▶ _Work to complete_: Without the images, reproduce each line of the material exactly.

▶ _Data provided_:
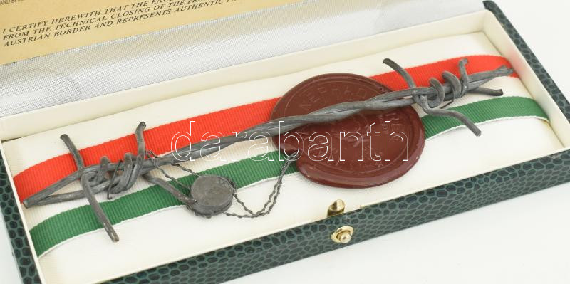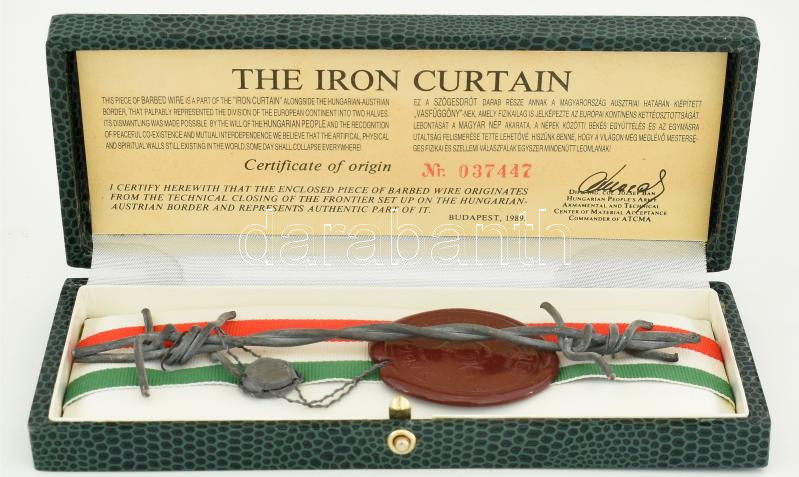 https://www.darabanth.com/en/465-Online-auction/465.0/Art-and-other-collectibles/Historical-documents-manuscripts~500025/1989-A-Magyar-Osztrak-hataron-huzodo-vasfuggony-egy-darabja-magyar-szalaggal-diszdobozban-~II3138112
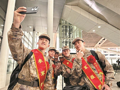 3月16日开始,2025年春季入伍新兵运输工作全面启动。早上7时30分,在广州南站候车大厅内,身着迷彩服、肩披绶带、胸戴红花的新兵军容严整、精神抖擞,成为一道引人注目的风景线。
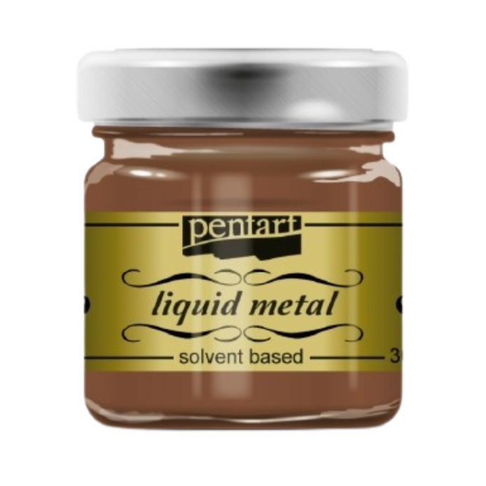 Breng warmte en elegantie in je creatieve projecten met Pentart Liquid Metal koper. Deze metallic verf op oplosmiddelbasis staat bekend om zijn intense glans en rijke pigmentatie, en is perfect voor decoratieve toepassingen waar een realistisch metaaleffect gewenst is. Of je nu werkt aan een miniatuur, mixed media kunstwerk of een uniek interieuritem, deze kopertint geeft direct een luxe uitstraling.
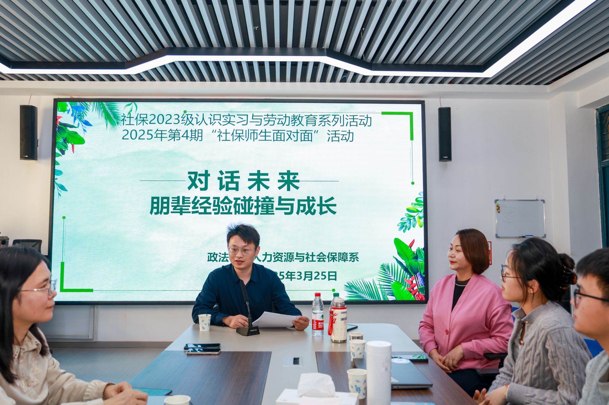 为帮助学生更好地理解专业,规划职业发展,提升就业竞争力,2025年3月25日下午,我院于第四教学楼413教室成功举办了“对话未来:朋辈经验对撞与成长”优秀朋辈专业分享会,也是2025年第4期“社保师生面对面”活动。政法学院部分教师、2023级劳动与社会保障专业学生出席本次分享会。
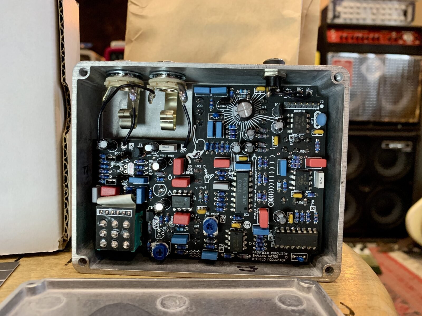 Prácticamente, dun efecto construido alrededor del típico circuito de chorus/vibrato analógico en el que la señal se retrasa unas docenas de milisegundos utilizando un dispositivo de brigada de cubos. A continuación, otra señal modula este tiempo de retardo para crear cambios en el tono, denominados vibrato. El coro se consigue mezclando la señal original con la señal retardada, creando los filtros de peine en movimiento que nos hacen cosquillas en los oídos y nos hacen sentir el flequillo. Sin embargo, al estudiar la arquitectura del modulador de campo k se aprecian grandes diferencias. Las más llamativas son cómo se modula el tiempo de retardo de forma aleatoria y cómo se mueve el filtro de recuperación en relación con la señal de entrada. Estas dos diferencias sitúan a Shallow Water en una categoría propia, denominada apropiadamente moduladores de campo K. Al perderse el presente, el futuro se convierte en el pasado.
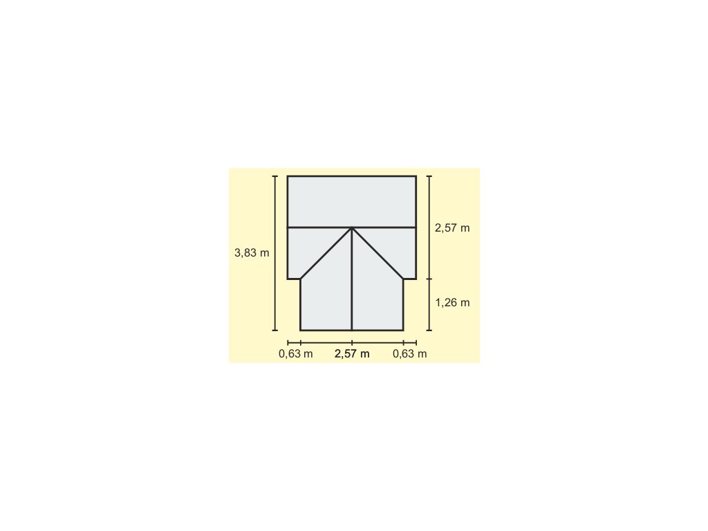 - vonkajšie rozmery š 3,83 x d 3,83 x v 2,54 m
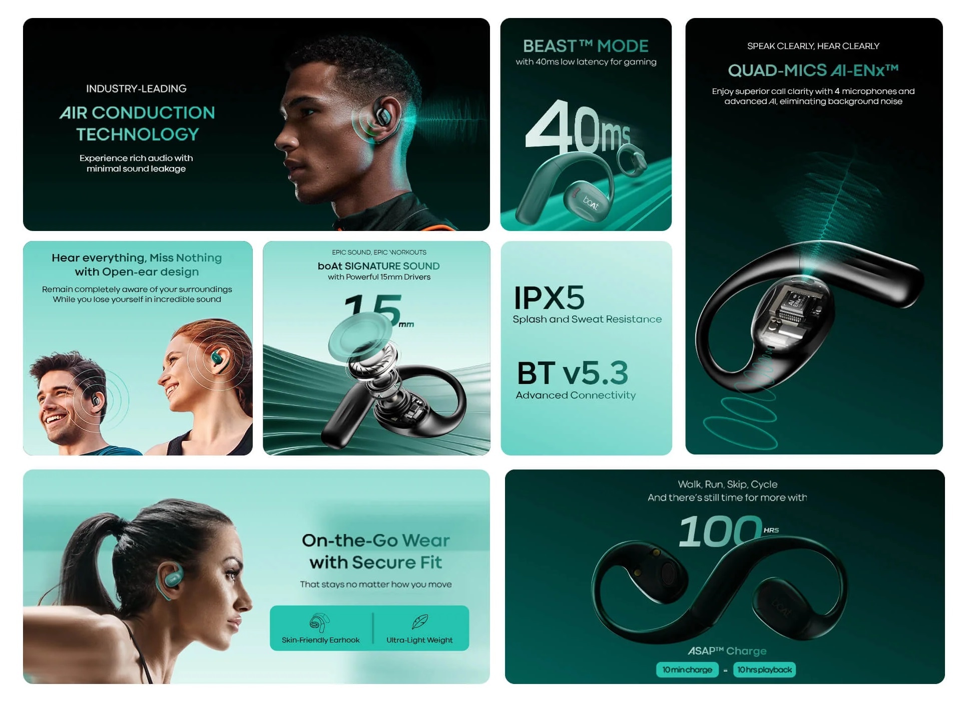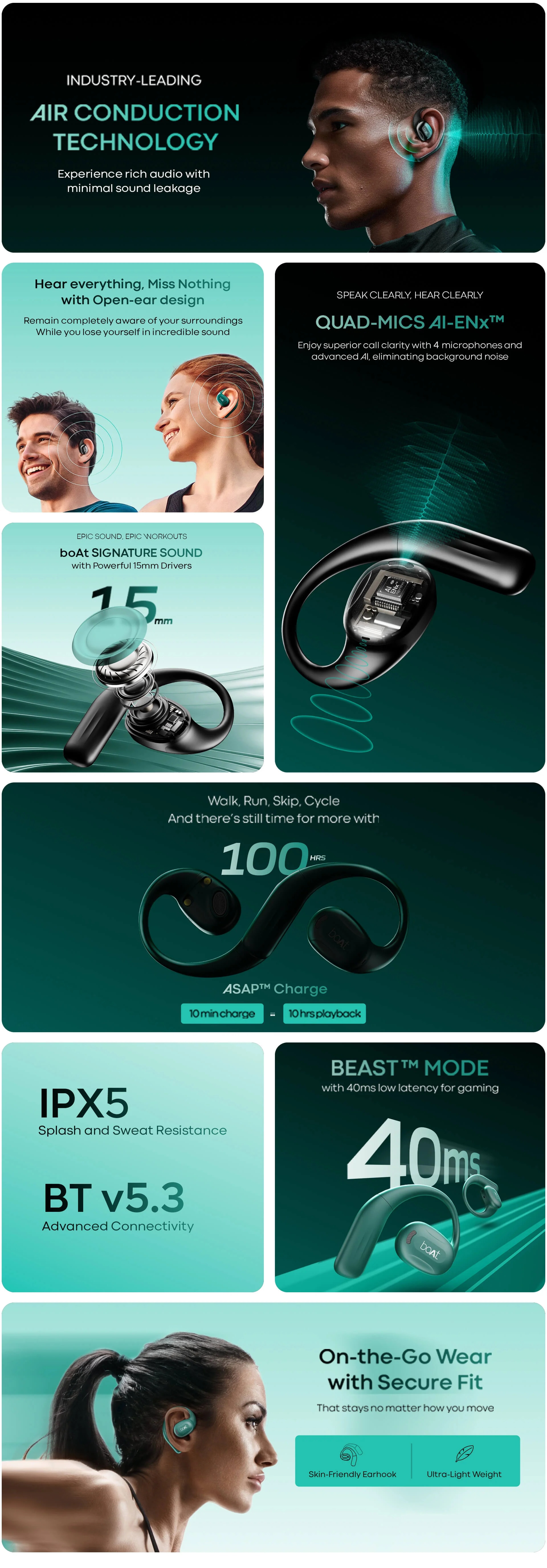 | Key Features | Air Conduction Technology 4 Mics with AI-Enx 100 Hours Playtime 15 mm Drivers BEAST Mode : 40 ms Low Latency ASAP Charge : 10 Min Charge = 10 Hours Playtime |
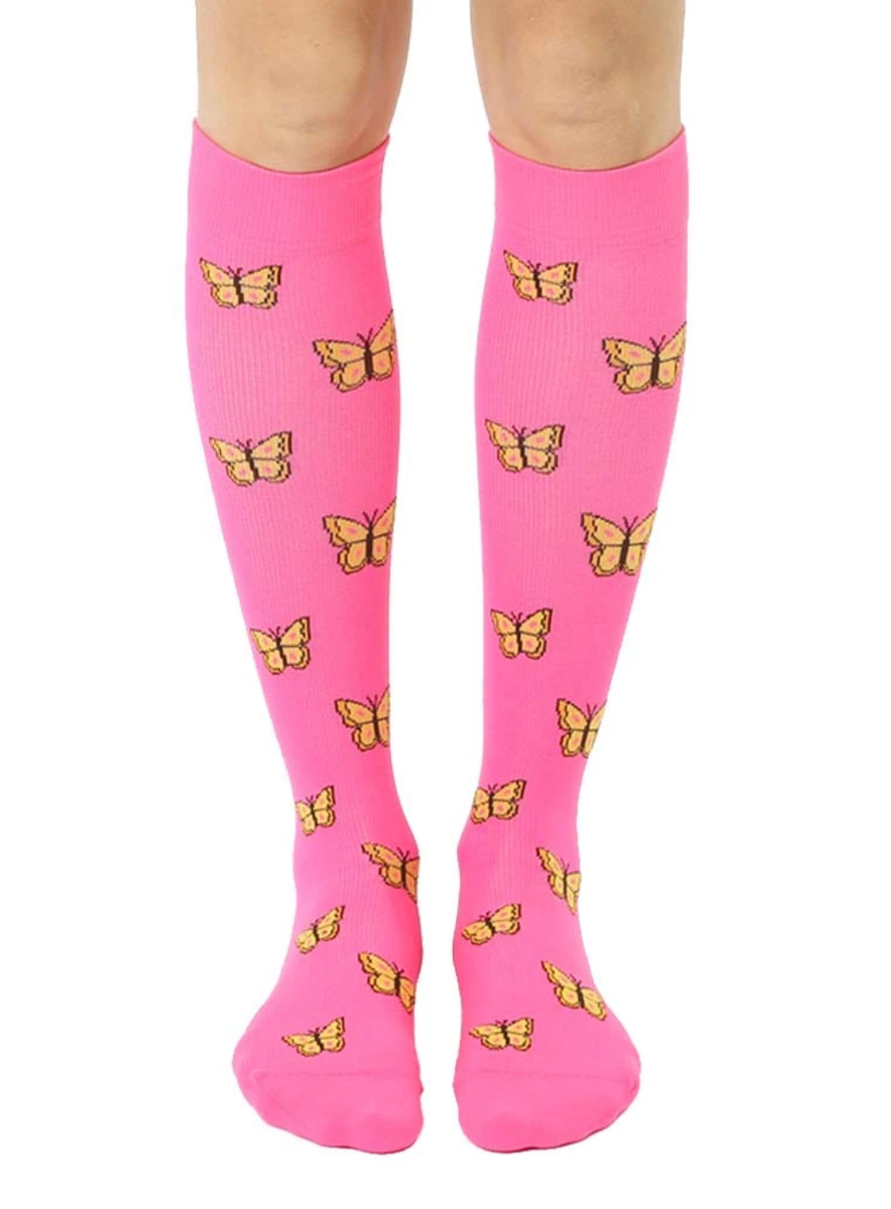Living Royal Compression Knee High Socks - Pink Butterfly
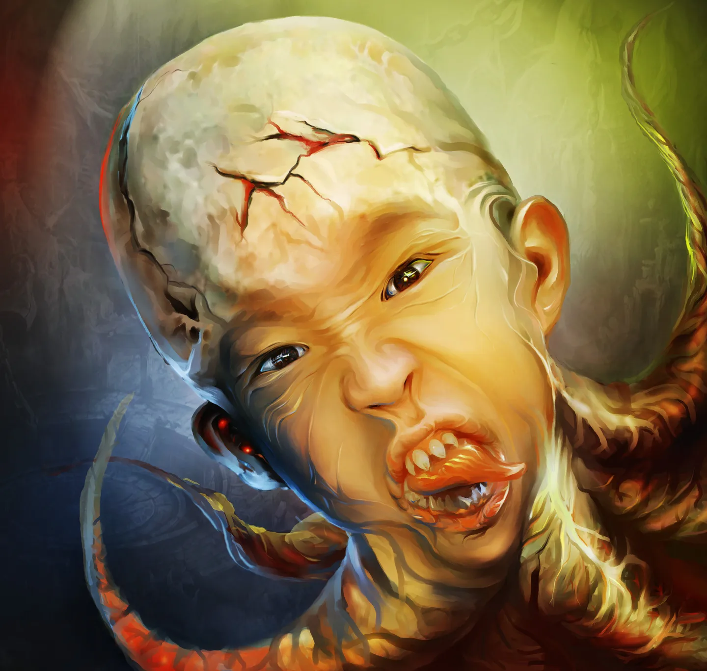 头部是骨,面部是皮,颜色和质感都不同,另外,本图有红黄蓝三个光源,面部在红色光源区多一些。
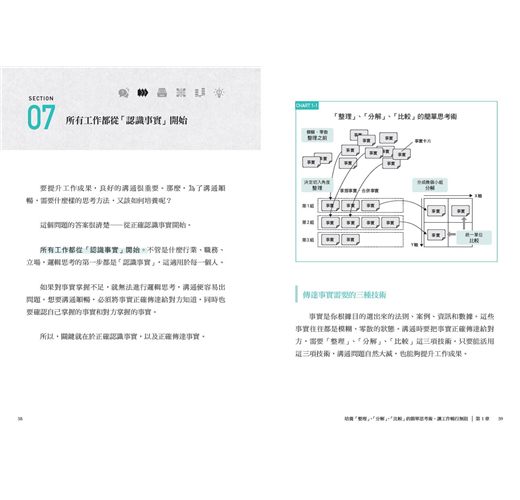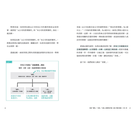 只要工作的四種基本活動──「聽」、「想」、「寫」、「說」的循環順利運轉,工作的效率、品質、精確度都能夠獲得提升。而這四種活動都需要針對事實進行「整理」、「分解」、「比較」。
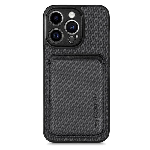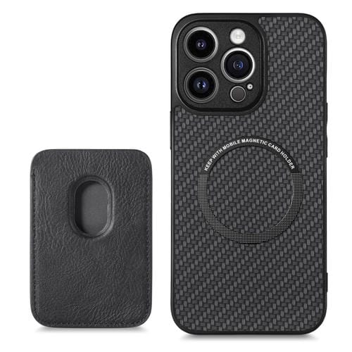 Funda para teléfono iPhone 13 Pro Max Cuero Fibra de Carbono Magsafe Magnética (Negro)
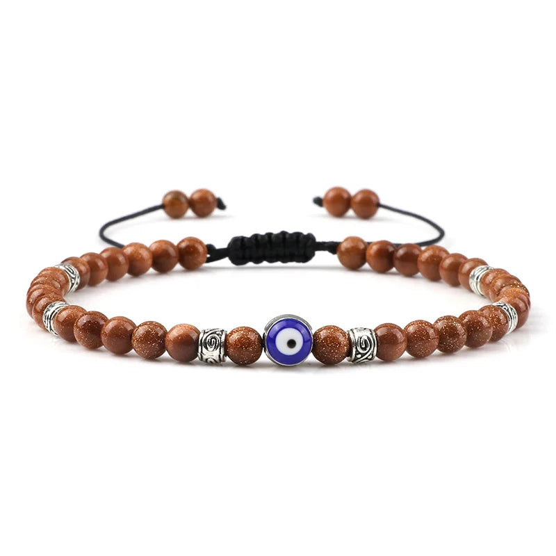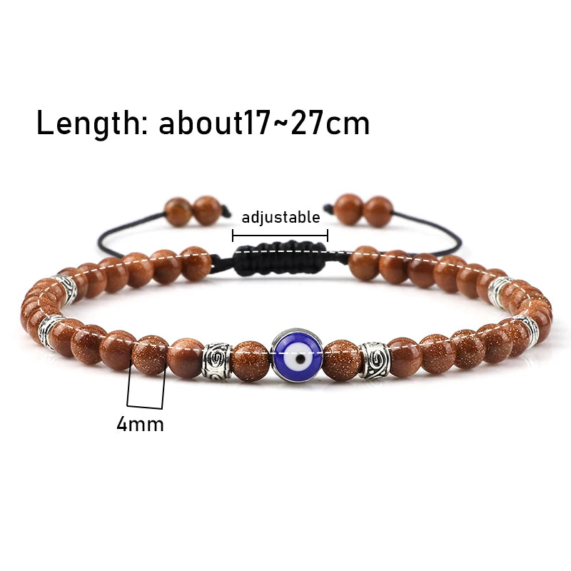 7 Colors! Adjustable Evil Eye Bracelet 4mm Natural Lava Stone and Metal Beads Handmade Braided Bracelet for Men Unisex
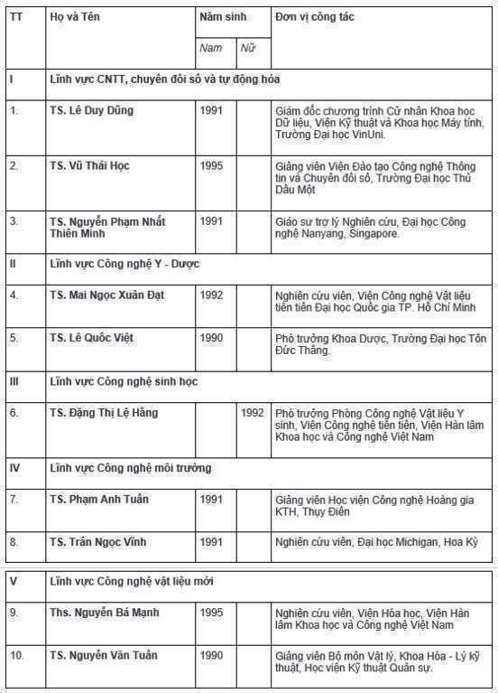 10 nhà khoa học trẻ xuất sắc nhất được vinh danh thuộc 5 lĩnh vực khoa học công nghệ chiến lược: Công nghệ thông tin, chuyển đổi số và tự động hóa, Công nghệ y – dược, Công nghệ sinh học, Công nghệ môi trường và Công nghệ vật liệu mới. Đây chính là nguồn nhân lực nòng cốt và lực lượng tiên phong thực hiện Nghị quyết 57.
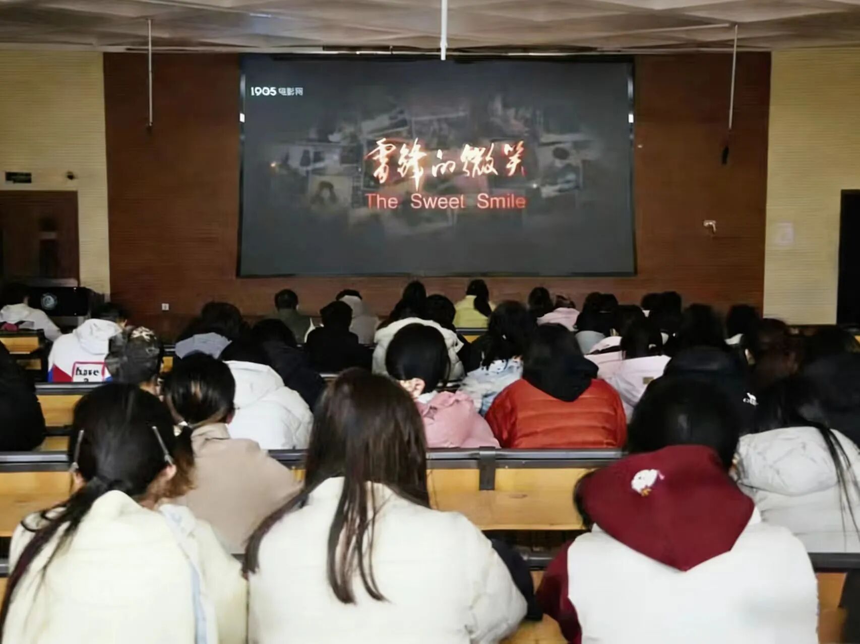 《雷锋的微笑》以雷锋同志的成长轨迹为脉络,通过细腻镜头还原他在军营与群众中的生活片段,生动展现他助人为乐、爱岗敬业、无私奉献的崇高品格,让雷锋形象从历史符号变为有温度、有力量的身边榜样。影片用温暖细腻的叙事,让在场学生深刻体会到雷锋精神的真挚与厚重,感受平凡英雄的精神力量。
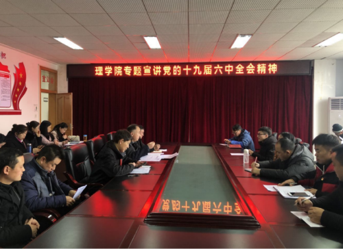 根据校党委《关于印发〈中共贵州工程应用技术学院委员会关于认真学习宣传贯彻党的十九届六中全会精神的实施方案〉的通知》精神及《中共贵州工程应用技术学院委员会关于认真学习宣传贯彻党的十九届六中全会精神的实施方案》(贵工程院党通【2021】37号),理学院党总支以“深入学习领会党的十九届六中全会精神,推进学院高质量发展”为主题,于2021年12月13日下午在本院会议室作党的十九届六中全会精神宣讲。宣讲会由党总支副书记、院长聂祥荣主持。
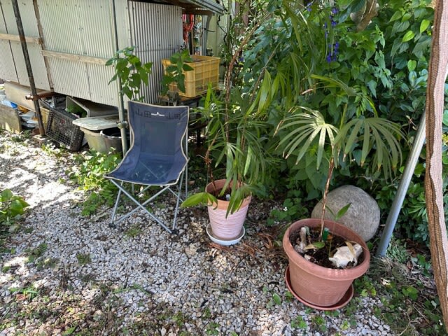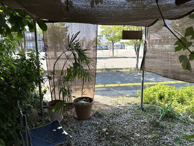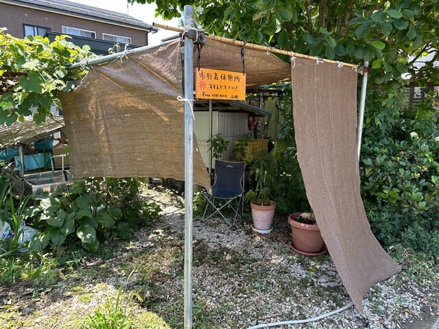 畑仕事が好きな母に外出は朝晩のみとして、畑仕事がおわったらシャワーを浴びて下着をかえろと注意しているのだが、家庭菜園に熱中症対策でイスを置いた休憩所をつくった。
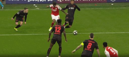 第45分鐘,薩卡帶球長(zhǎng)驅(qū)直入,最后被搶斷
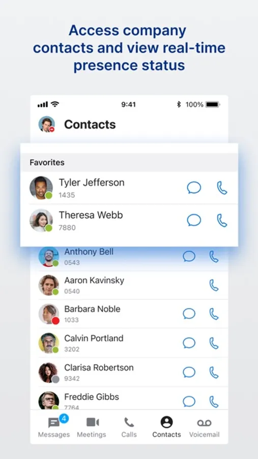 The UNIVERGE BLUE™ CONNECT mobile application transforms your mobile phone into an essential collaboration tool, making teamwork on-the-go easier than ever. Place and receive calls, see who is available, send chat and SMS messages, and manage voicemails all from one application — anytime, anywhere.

▶ _Response to the exercise_:
 https://www.darabanth.com/en/465-Online-auction/465.0/Art-and-other-collectibles/Historical-documents-manuscripts~500025/1989-A-Magyar-Osztrak-hataron-huzodo-vasfuggony-egy-darabja-magyar-szalaggal-diszdobozban-~II3138112
 3月16日开始,2025年春季入伍新兵运输工作全面启动。早上7时30分,在广州南站候车大厅内,身着迷彩服、肩披绶带、胸戴红花的新兵军容严整、精神抖擞,成为一道引人注目的风景线。
 Breng warmte en elegantie in je creatieve projecten met Pentart Liquid Metal koper. Deze metallic verf op oplosmiddelbasis staat bekend om zijn intense glans en rijke pigmentatie, en is perfect voor decoratieve toepassingen waar een realistisch metaaleffect gewenst is. Of je nu werkt aan een miniatuur, mixed media kunstwerk of een uniek interieuritem, deze kopertint geeft direct een luxe uitstraling.
 为帮助学生更好地理解专业,规划职业发展,提升就业竞争力,2025年3月25日下午,我院于第四教学楼413教室成功举办了“对话未来:朋辈经验对撞与成长”优秀朋辈专业分享会,也是2025年第4期“社保师生面对面”活动。政法学院部分教师、2023级劳动与社会保障专业学生出席本次分享会。
 Prácticamente, dun efecto construido alrededor del típico circuito de chorus/vibrato analógico en el que la señal se retrasa unas docenas de milisegundos utilizando un dispositivo de brigada de cubos. A continuación, otra señal modula este tiempo de retardo para crear cambios en el tono, denominados vibrato. El coro se consigue mezclando la señal original con la señal retardada, creando los filtros de peine en movimiento que nos hacen cosquillas en los oídos y nos hacen sentir el flequillo. Sin embargo, al estudiar la arquitectura del modulador de campo k se aprecian grandes diferencias. Las más llamativas son cómo se modula el tiempo de retardo de forma aleatoria y cómo se mueve el filtro de recuperación en relación con la señal de entrada. Estas dos diferencias sitúan a Shallow Water en una categoría propia, denominada apropiadamente moduladores de campo K. Al perderse el presente, el futuro se convierte en el pasado.
 - vonkajšie rozmery š 3,83 x d 3,83 x v 2,54 m
 | Key Features | Air Conduction Technology 4 Mics with AI-Enx 100 Hours Playtime 15 mm Drivers BEAST Mode : 40 ms Low Latency ASAP Charge : 10 Min Charge = 10 Hours Playtime |
Living Royal Compression Knee High Socks - Pink Butterfly
 头部是骨,面部是皮,颜色和质感都不同,另外,本图有红黄蓝三个光源,面部在红色光源区多一些。
 只要工作的四種基本活動──「聽」、「想」、「寫」、「說」的循環順利運轉,工作的效率、品質、精確度都能夠獲得提升。而這四種活動都需要針對事實進行「整理」、「分解」、「比較」。
 Funda para teléfono iPhone 13 Pro Max Cuero Fibra de Carbono Magsafe Magnética (Negro)
 7 Colors! Adjustable Evil Eye Bracelet 4mm Natural Lava Stone and Metal Beads Handmade Braided Bracelet for Men Unisex
 10 nhà khoa học trẻ xuất sắc nhất được vinh danh thuộc 5 lĩnh vực khoa học công nghệ chiến lược: Công nghệ thông tin, chuyển đổi số và tự động hóa, Công nghệ y – dược, Công nghệ sinh học, Công nghệ môi trường và Công nghệ vật liệu mới. Đây chính là nguồn nhân lực nòng cốt và lực lượng tiên phong thực hiện Nghị quyết 57.
 《雷锋的微笑》以雷锋同志的成长轨迹为脉络,通过细腻镜头还原他在军营与群众中的生活片段,生动展现他助人为乐、爱岗敬业、无私奉献的崇高品格,让雷锋形象从历史符号变为有温度、有力量的身边榜样。影片用温暖细腻的叙事,让在场学生深刻体会到雷锋精神的真挚与厚重,感受平凡英雄的精神力量。
 根据校党委《关于印发〈中共贵州工程应用技术学院委员会关于认真学习宣传贯彻党的十九届六中全会精神的实施方案〉的通知》精神及《中共贵州工程应用技术学院委员会关于认真学习宣传贯彻党的十九届六中全会精神的实施方案》(贵工程院党通【2021】37号),理学院党总支以“深入学习领会党的十九届六中全会精神,推进学院高质量发展”为主题,于2021年12月13日下午在本院会议室作党的十九届六中全会精神宣讲。宣讲会由党总支副书记、院长聂祥荣主持。
 畑仕事が好きな母に外出は朝晩のみとして、畑仕事がおわったらシャワーを浴びて下着をかえろと注意しているのだが、家庭菜園に熱中症対策でイスを置いた休憩所をつくった。
 第45分鐘,薩卡帶球長(zhǎng)驅(qū)直入,最后被搶斷
 The UNIVERGE BLUE™ CONNECT mobile application transforms your mobile phone into an essential collaboration tool, making teamwork on-the-go easier than ever. Place and receive calls, see who is available, send chat and SMS messages, and manage voicemails all from one application — anytime, anywhere.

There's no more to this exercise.